Ainsi, tout acte de bonté est d’abord un acte d’humilité et l’action cohérente qui en découle est celle de la compassion, de la fraternité et de l’amour. L’être humain, sans l’humilité et la sollicitude peut basculer dans l’orgueil et devenir par la même occasion un tyran pour ses semblables. De la sorte, tout acte de progrès qui ne vise pas à rendre plus heureux les hommes est vain. Une nouvelle fois, cette formule incha Allah, loin d’être une expression d’inertie, affirme avant tout l’humilité du croyant et annonce toute la philosophie de bienveillance qui doit commander ses actes.

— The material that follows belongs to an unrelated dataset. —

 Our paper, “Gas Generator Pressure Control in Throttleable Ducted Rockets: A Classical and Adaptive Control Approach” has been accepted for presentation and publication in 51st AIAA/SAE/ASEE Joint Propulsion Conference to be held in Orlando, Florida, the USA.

Le croyant, est appelé à agir sur son monde, à trouver les solutions à ses problèmes à améliorer sa condition de vie tout en se comportant en être responsable devant Dieu : « Invoquez votre Seigneur humblement et secrètement. En vérité, Dieu n’aime pas les transgresseurs. Ne semez pas le désordre sur la Terre, après que l’ordre y a été établi. Invoquez votre Seigneur avec crainte et espoir. La miséricorde de Dieu est à la portée de ceux qui font des œuvres salutaires. » (Coran, 7, 55-56). Cette exhortation à l’action traverse tous les domaines, qu’ils soient d’ordre médical, scientifique ou tout simplement ceux du savoir-vivre. Les versets coraniques abondent en ce sens.

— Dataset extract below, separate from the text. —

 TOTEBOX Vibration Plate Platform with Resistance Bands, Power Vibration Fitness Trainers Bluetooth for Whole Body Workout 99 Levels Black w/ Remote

La formule « il n’est de force et de puissance qu’en Dieu » est en réalité le résultat d’une profonde méditation sur la création ; elle est surtout l’aboutissement de l’humilité et de la juste reconnaissance de la Grandeur divine. Cette même sentence finit d’ailleurs souvent par se vider de sa substance et perdre ses couleurs lorsqu’elle est utilisée sans conscience, et de manière mécanique pour tout et n’importe quoi. Le croyant qui fait usage de cette expression a conscience d’une chose : tous ses projets ne peuvent être menés à bien qu’à l’aide d’une force bien au dessus de la sienne, car il ne détient en réalité aucun pouvoir entre ses mains, tout lui échappe et il est soumis aux lois de l’univers au même titre que toutes les autres créatures. Mais ladite force peut être sollicitée et c’est même un devoir que de la solliciter ! Conscient donc de cette formidable assistance qui peut lui être offerte grâce à la miséricorde divine, le croyant peut envisager tous les projets pour peu qu’ils soient nobles, et doit repousser sans cesse les limites pour mériter cette grande tâche qui consiste à être au service de ses semblables.

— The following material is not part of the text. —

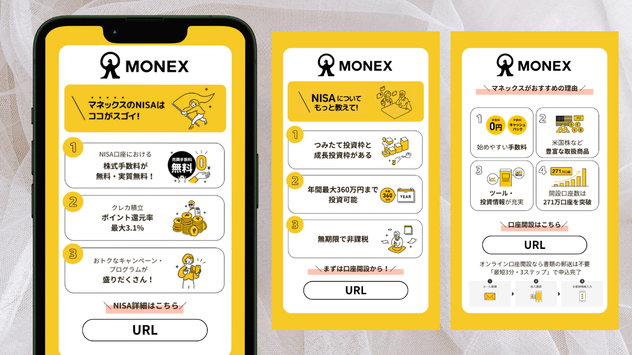 「NISA詳細はこちら」「まずは口座開設から!」と、行動を促す文言を入れ、次アクションがひと目でわかるようにしました。

Toutes ses postures morales sont matérialisées physiquement par la soumission du corps (après celle de l’esprit) et exprimées lors des prosternations journalières et nocturnes. Elles sont surtout bien résumées dans les premiers mots de la sourate la plus récitée par le croyant : « Louange à Dieu, le Maître de l’univers, le Miséricordieux par essence, Le Très Miséricordieux par excellence».
Le croyant échappe à l’angoisse en prenant conscience que son Créateur l’encourage dans son effort à comprendre Son œuvre qu’Il lui dévoile progressivement et de manière quasi-pédagogique. L’homme face à tout cela, retrouve une pleine sérénité en se soumettant en
connaissance de cause et en vouant à Dieu une adoration non plus aveugle, mais pleine de bon sens.
Les récentes découvertes en astronomie achèvent de montrer la petitesse de l’homme dans cet incroyable et immense univers. L’être humain qui fait chaque jour des découvertes aussi surprenantes les unes que les autres, se rend en même temps compte de l’étendue de ses méconnaissances et surtout de son impuissance ; les quelques lois qu’il découvre sont une goutte d’eau dans l’immense océan de règles qui régissent le cosmos. Enfin, ces lois une fois découvertes, loin de se soumettre à la volonté humaine, continuent de s’imposer à l’homme ; l’univers, pour fonctionner, n’a nullement recours aux services de l’être humain et le romantique Gérard de Nerval nous avait fait don de ces deux magnifiques vers : « Des forces que tu tiens ta liberté dispose/ Mais de tous tes conseils l’univers est absent ».
Pour résumer et finir, le Coran loin de décourager les esprits pleins d’initiatives, invite les hommes à innover, à transformer, à rechercher et à interroger leur univers pour mieux en saisir le langage subtil. Dans cette quête de sens, l’homme retrouve progressivement et sûrement confiance en lui et parvient à parfaire sa soumission, une soumission pleine de grandeur puisqu’elle est
exprimée à l’endroit de Dieu : « Et c’est ainsi que nous étendîmes devant Ibrahim (Abraham) le Royaume des Cieux et de la Terre afin de le raffermir dans sa croyance » (Coran, 6, 75). Cette soumission enfin, oriente le croyant humble et entrepreneur sur la voie d’œuvres utiles à ses semblables et à l’environnement qui l’accueille.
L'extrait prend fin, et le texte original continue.